According to sources, Nadeem was detained during a late-night house raid in the Tump Malikabad area of Kech district and has been missing since. Muhammad Taj was detained on March 17 from the Sahpuk area of Kech district, sources said, while Sulaiman was taken into custody from the Khudabadan area of Panjgur. Both have remained missing since their detention, according to The Balochistan Post.
In another similar incident, a woman from Balochistan’s Awaran district forcibly disappeared from her home in Karachi on April 16, reports said. The name of the woman was given as Haseena Baloch, a housewife.
Meanwhile, in Kech district, family members staged a sit-in protest and blocked the CPEC highway against the enforced disappearance of a young man. Abdeen, a 25-year-old farmer and resident of Balghatar, was allegedly detained from Keelkor Road at around 7:00pm on April 19 and has since remained missing, according to his family.
The family and local residents blocked the highway at Balghatar, suspending traffic in the area. They said they were facing severe mental distress and called on authorities to take immediate steps for Abdeen’s recovery. Traffic flow remained disrupted due to the protest.
Meanwhile, a woman from Balochistan’s Awaran district forcibly disappeared from her home in Karachi on April 16, Dr Sabiha Baloch, a leader of the Baloch Yakjehti Committee (BYC), said.
She said Haseena Baloch, a housewife and mother, was taken from her residence in Karachi’s Naval area during the night, and that her family has received no information about her whereabouts since then. Dr Sabiha said the case reflected what she described as an increasingly “systematic pattern,” adding that the enforced disappearance of Baloch women was “no longer an anomaly” but had become “deliberate policy”.
“Enforced disappearances constitute crimes against humanity under customary international law,” she wrote, adding that any statement obtained during secret, incommunicado detention carried “zero legal weight” and amounted to “coercion, not evidence”.
She cited international legal protections and Pakistan’s Constitution as prohibiting such practices, and alleged that despite these safeguards, authorities had responded not with accountability but with what she described as “coordinated propaganda campaigns” targeting activists and human rights defenders.
“No smear campaign will silence us.

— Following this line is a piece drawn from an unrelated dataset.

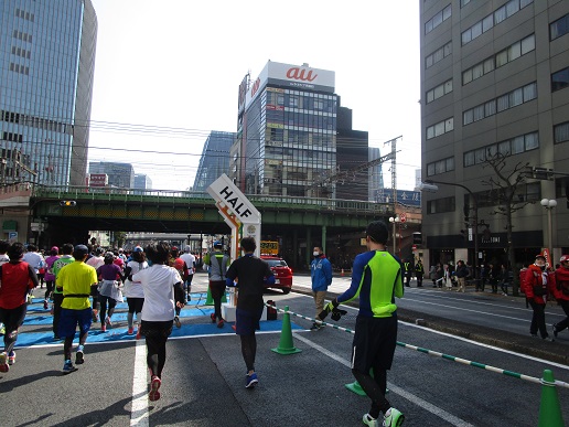 この10~20㎞の、日比谷通りから第一京浜を走り、品川で折り返す区間は、ビル風が強いし、日陰で寒いし、コースは単調でメンタルがきついしで、さりげに最初の難関だったりします。

We will continue documenting. We will continue speaking truth to power,” she wrote, demanding the “immediate and unconditional release” of Haseena Baloch.
Baloch Women Forum
The Baloch Women Forum (BWF) expressed “grave concern” over the case, saying Haseena Baloch was “forcibly disappeared by Pakistani forces” on April 16. The group said her family has received no information regarding her whereabouts, adding that the absence of due process and transparency raised serious legal and humanitarian concerns.
It said cases involving women reflected what it described as a “dangerous escalation,” warning that such incidents formed part of an increasingly visible pattern of targeting women in enforced disappearance cases. “These actions … leave families in prolonged anguish, forced to endure silence, uncertainty and psychological suffering in the absence of accountability or justice,” the statement said.
The BWF called for the immediate disclosure of Haseena Baloch’s whereabouts and urged authorities to ensure that no individual, particularly women, are subjected to actions outside legal frameworks.